MDBR Staff Writer Published 09 September 2016

CytoSorbents has developed next generation porous polymer bead technology for the treatment of severe sepsis and septic shock.

The next generation CytoSorb-XL platform enables to remove lipopolysaccharide (LPS) endotoxin, as well as cytokines, exotoxins and other inflammatory mediators.

CytoSorb-XL is said to avoid the need for stand-alone endotoxin specific filters, as it not only removes endotoxin but also a range of inflammatory mediators that may lead to inflammation, organ failure, and death in sepsis.

According to the company, CytoSorb-XL and its novel endotoxin binding chemistry is the subject of a broad composition of matter patent application, intended to protect the technology worldwide for the next two decades.

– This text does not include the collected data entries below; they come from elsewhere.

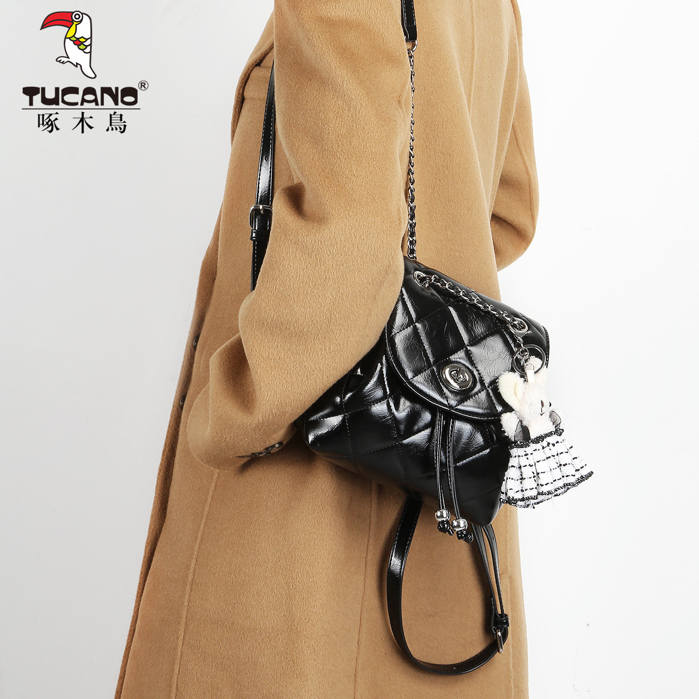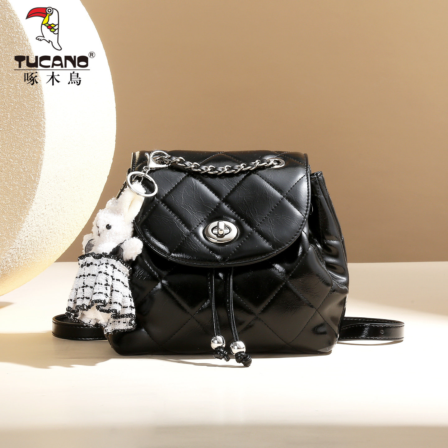 啄木鸟小号背包女士2025新款时尚百搭通勤高级感小香风菱格双肩包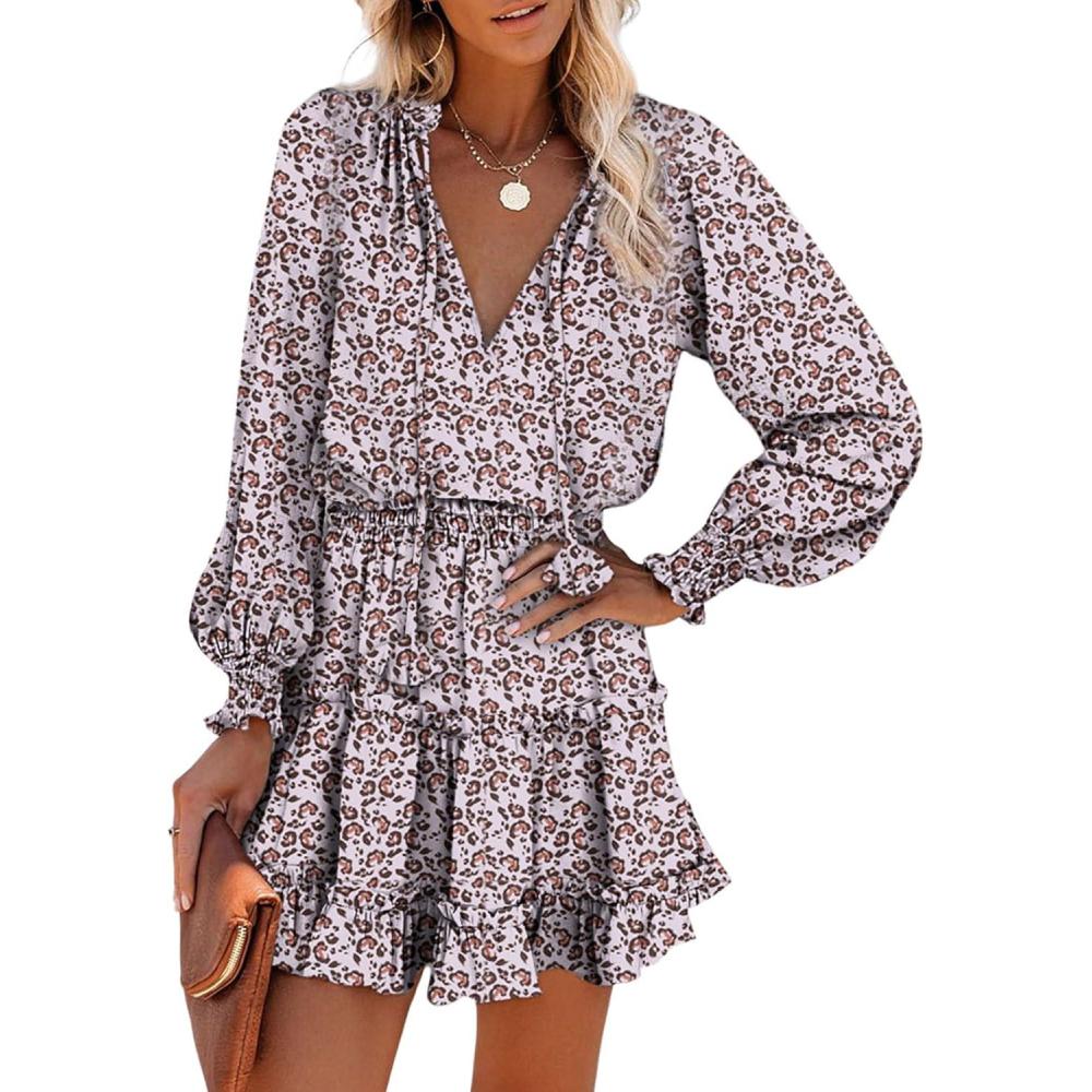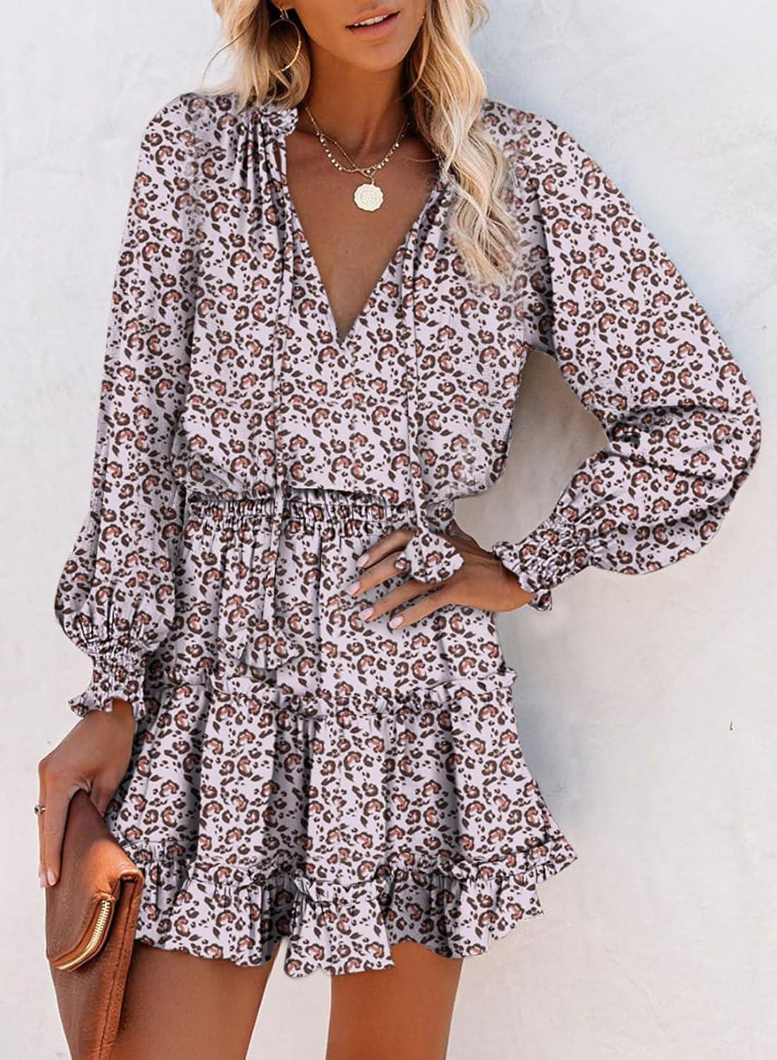 Dokotoo Fall Dresses for Women 2025 Boho Floral Drawstring V Neck Smocked Long Sleeve Ruffle Tiered Chiffon Mini Dress(Z Print Leopard)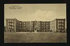 In July 1916 the Board of the College confirmed the decision to move to Edmonton.[23] An advertisement in the August 16, 1916 edition of the Grain Growers Guide stated that the College was “now located in Assiniboia Hall, University Building, Edmonton, Alberta”.[24] An article in a September 1916 issue of the Edmonton Bulletin noted that the college moved “lock, stock and barrel” from Red Deer to Edmonton in one week, and was looking forward to its new location and close relationship with the University of Alberta.[25] On October 31, the College staff and students held a reception in their new home for the University and Edmonton community to get a "glimpse into the daily life of Red Deer Ladies' College".[26]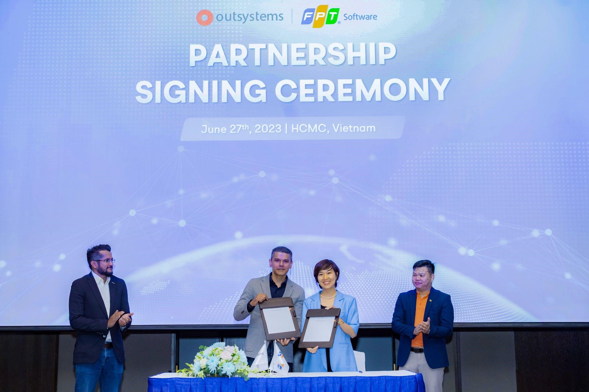 Nhằm đồng hành cùng doanh nghiệp Việt đón đầu công nghệ mới trên hành trình chuyển đổi số, trong buổi hội thảo tổ chức tại Hồ Chí Minh, FPT Software và OutSystems đã ký kết thoả thuận hợp tác. Qua đó, FPT Software sẽ cung cấp dịch vụ trọn gói từ việc phát triển, xây dựng, cài đặt và bảo trì ứng dụng phần mềm trên nền tảng Low-code của OutSystems.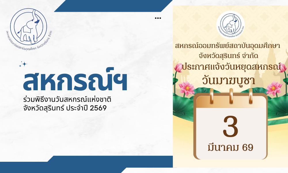สหกรณ์ออมทรัพย์สถาบันอุดมศึกษา จังหวัดสุรินทร์ จำกัด ประชาสัมพันธ์วันหยุดประจำเดือน กุมภาพันธ์ 2569 ตามระเบียบฯ ของสหกรณ์

CytoSorbents CEO Phillip Chan said: "Endotoxin, produced by Gram negative bacteria such as E. coli, is a potent and deadly trigger of severe sepsis and septic shock, but wreaks its havoc through the activation of the immune system and generation of systemic inflammation through cytokine storm. 

“This is why endotoxin removal alone is not enough and why the simultaneous removal of endotoxin, cytokines, exotoxins, and other inflammatory mediators is anticipated to be much more efficacious.

“In other words, treatment of sepsis by CytoSorb-XL is expected to be a classic case where one plus one equals three."

The company also produces CytoSorb blood purification cartridge, which is approved in the European Union and distributed in 37 countries across the globe.

CytoSorb will reduce the cytokine storm or cytokine release syndrome, which is expected to cause massive inflammation, organ failure and death in common critical illnesses such as sepsis, burn injury, trauma, lung injury and pancreatitis, and cancer immunotherapy.

Currently, the firm is carrying out reduction in free hemoglobin (REFRESH 1) study to assess the safety of intra-operative CytoSorb use in a heart-lung machine during complex cardiac surgery.